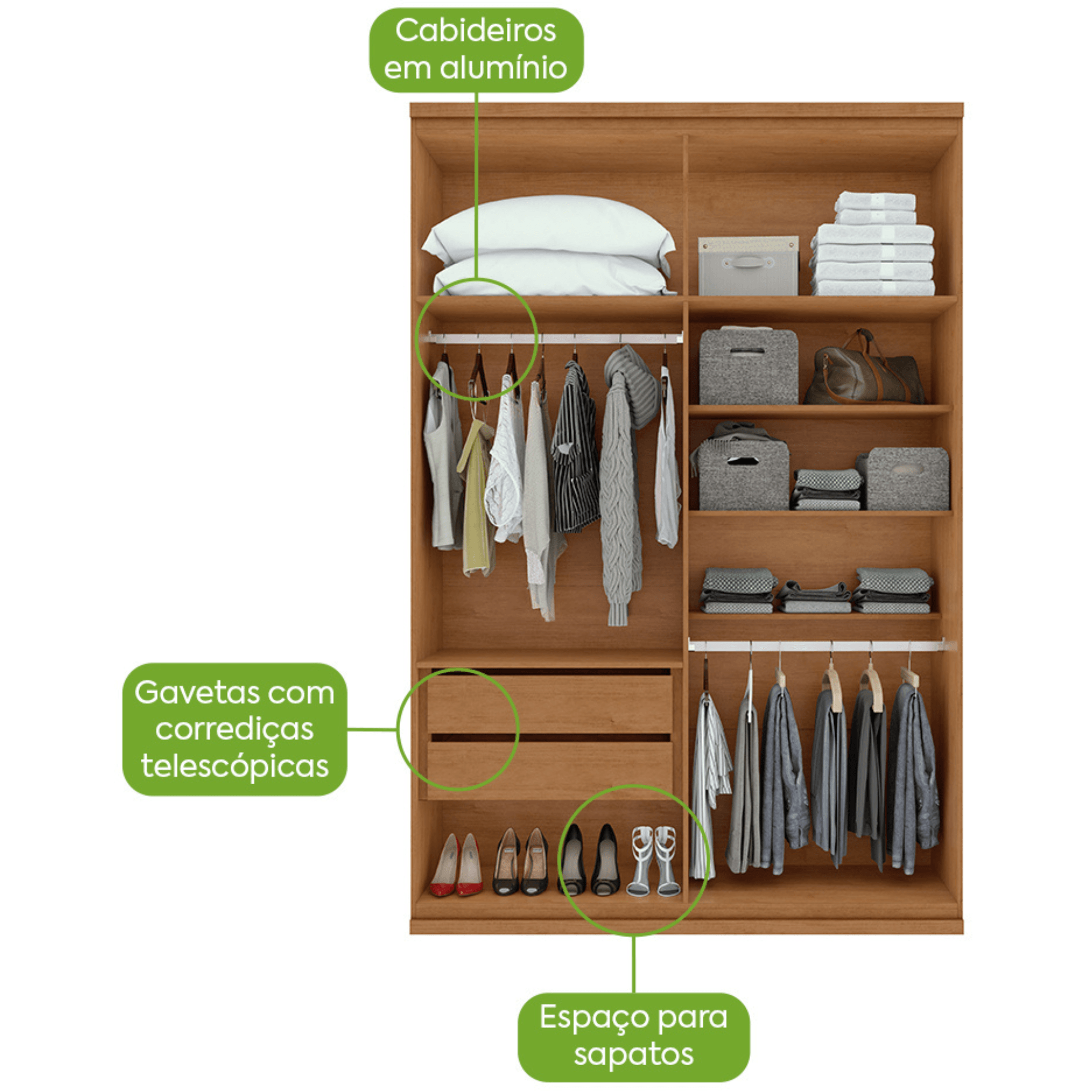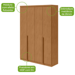 Chega de bagunça e desordem. Com o roupeiro New Alonzo com puxador em madeira, seu quarto ficará muito mais organizado e confortável.
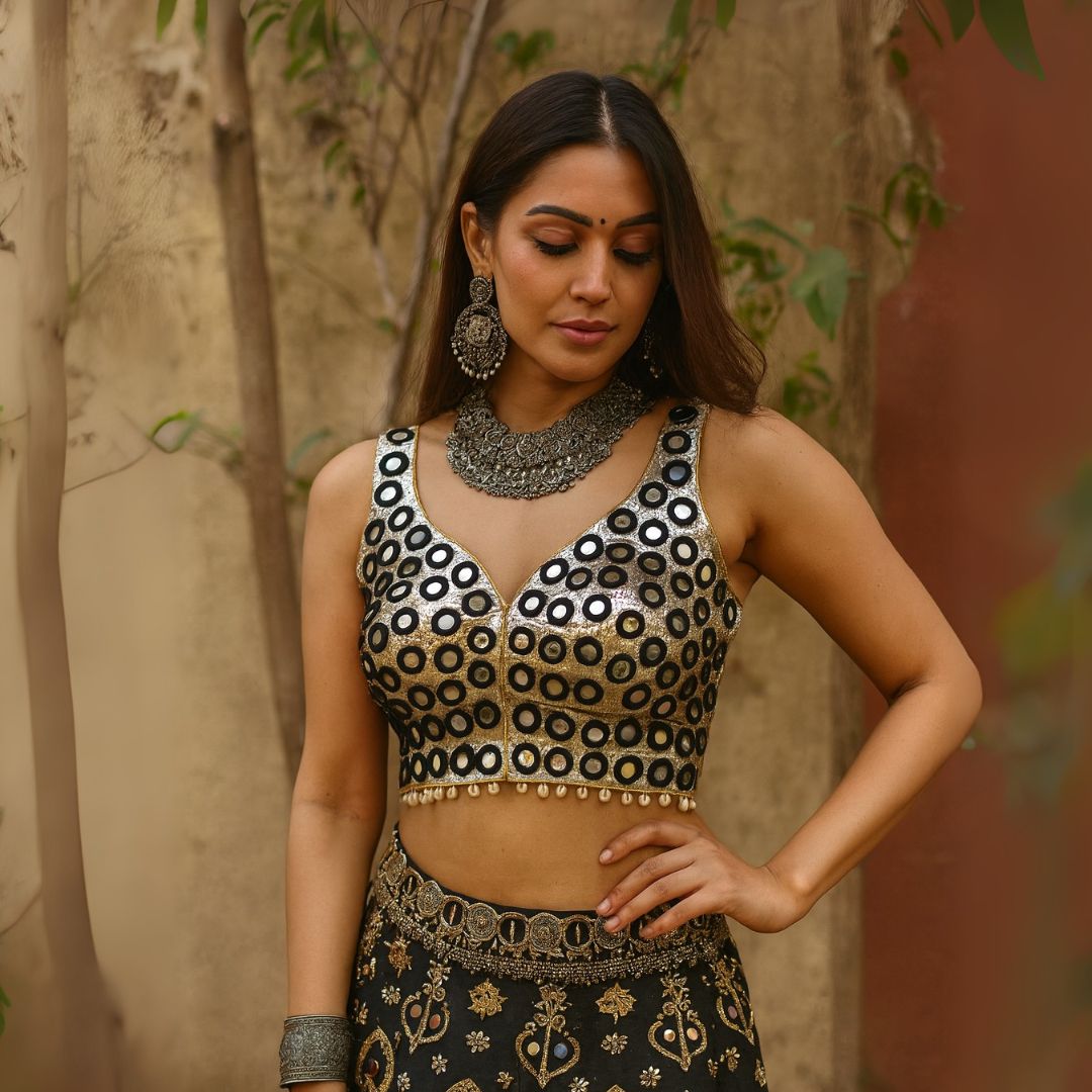 Shine bright in this Navratri readymade blouse, featuring vibrant multi-color circular mirror work and a classic dori-tie back. Crafted for festive flair, it’s adorned with shell lace for that authentic dandiya vibe. Perfect for Garba nights, this blouse pairs beautifully with lehengas, skirts, or sarees for an eye-catching traditional look.
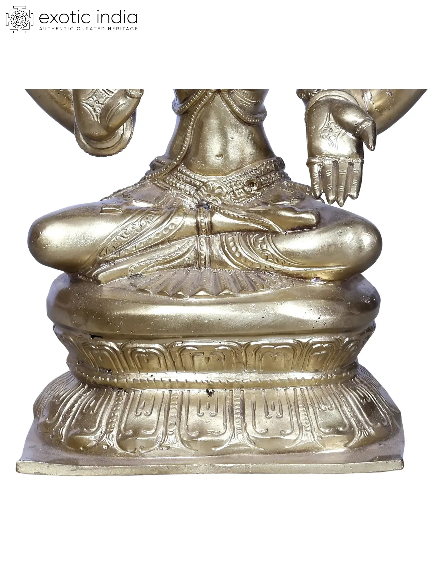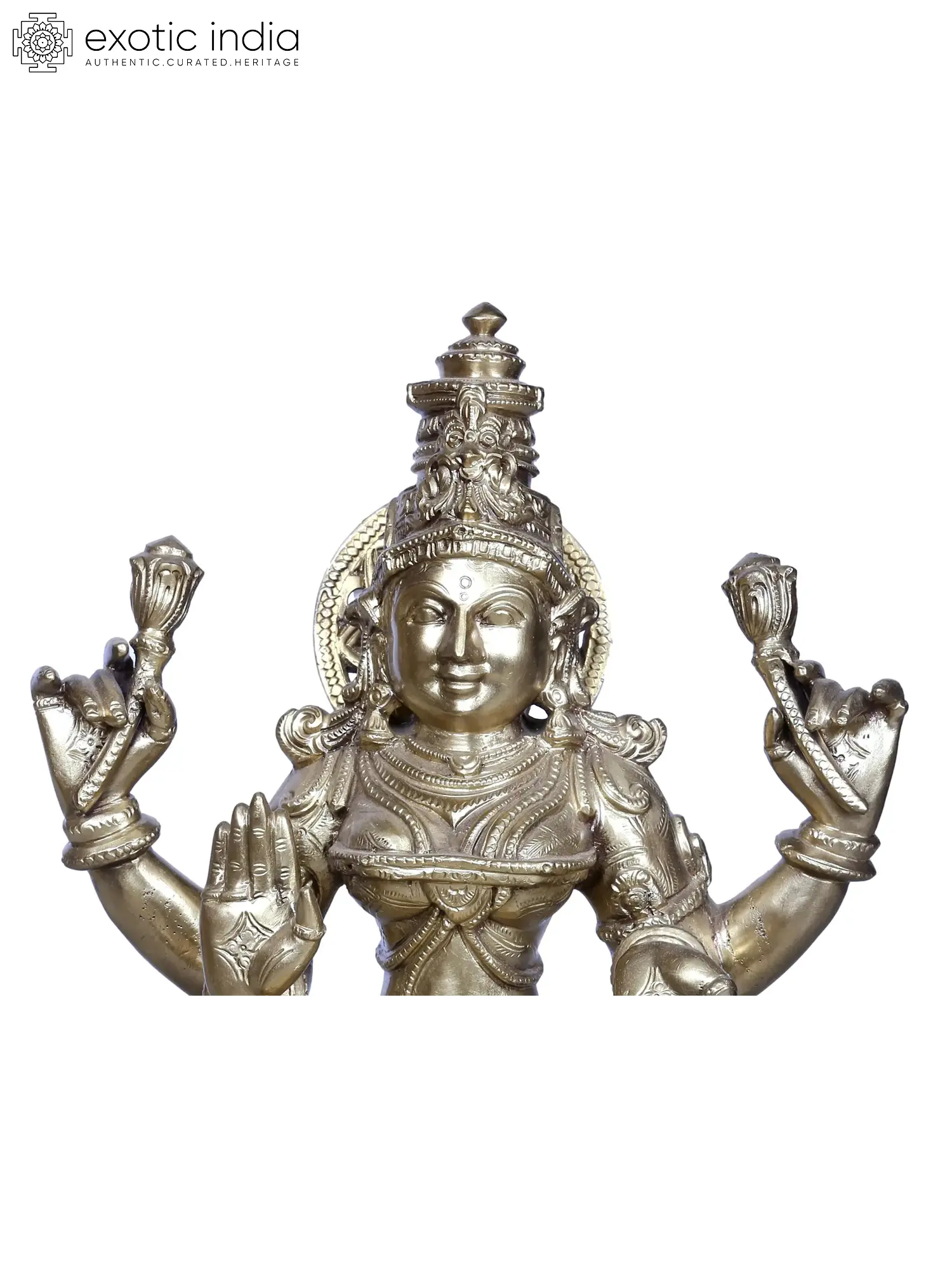 This exquisite brass statue captures the serene and benevolent presence of Goddess Lakshmi, the divine bestower of wealth, fortune, and auspiciousness in Hindu tradition. Seated in a posture of perfect balance and tranquility, the Goddess emanates an aura of peace and abundance that will transform any space into a sanctuary of good fortune. Her four arms, a common depiction symbolizing her multifaceted nature and ability to bestow blessings in all directions, are adorned with intricate bracelets and hold symbolic objects. In two hands, she holds lotus buds, representing purity, spiritual growth, and the unfolding of prosperity. The other two hands are raised, one in a gesture of blessing (abhaya mudra) offering protection and dispelling fear, and the other gently resting, perhaps signifying her nurturing presence.

==================================================

Exercise instructions => Please retype the listing above word for word, skipping each picture.

Exercise solution =>
 Chega de bagunça e desordem. Com o roupeiro New Alonzo com puxador em madeira, seu quarto ficará muito mais organizado e confortável.
 Shine bright in this Navratri readymade blouse, featuring vibrant multi-color circular mirror work and a classic dori-tie back. Crafted for festive flair, it’s adorned with shell lace for that authentic dandiya vibe. Perfect for Garba nights, this blouse pairs beautifully with lehengas, skirts, or sarees for an eye-catching traditional look.
 This exquisite brass statue captures the serene and benevolent presence of Goddess Lakshmi, the divine bestower of wealth, fortune, and auspiciousness in Hindu tradition. Seated in a posture of perfect balance and tranquility, the Goddess emanates an aura of peace and abundance that will transform any space into a sanctuary of good fortune. Her four arms, a common depiction symbolizing her multifaceted nature and ability to bestow blessings in all directions, are adorned with intricate bracelets and hold symbolic objects. In two hands, she holds lotus buds, representing purity, spiritual growth, and the unfolding of prosperity. The other two hands are raised, one in a gesture of blessing (abhaya mudra) offering protection and dispelling fear, and the other gently resting, perhaps signifying her nurturing presence.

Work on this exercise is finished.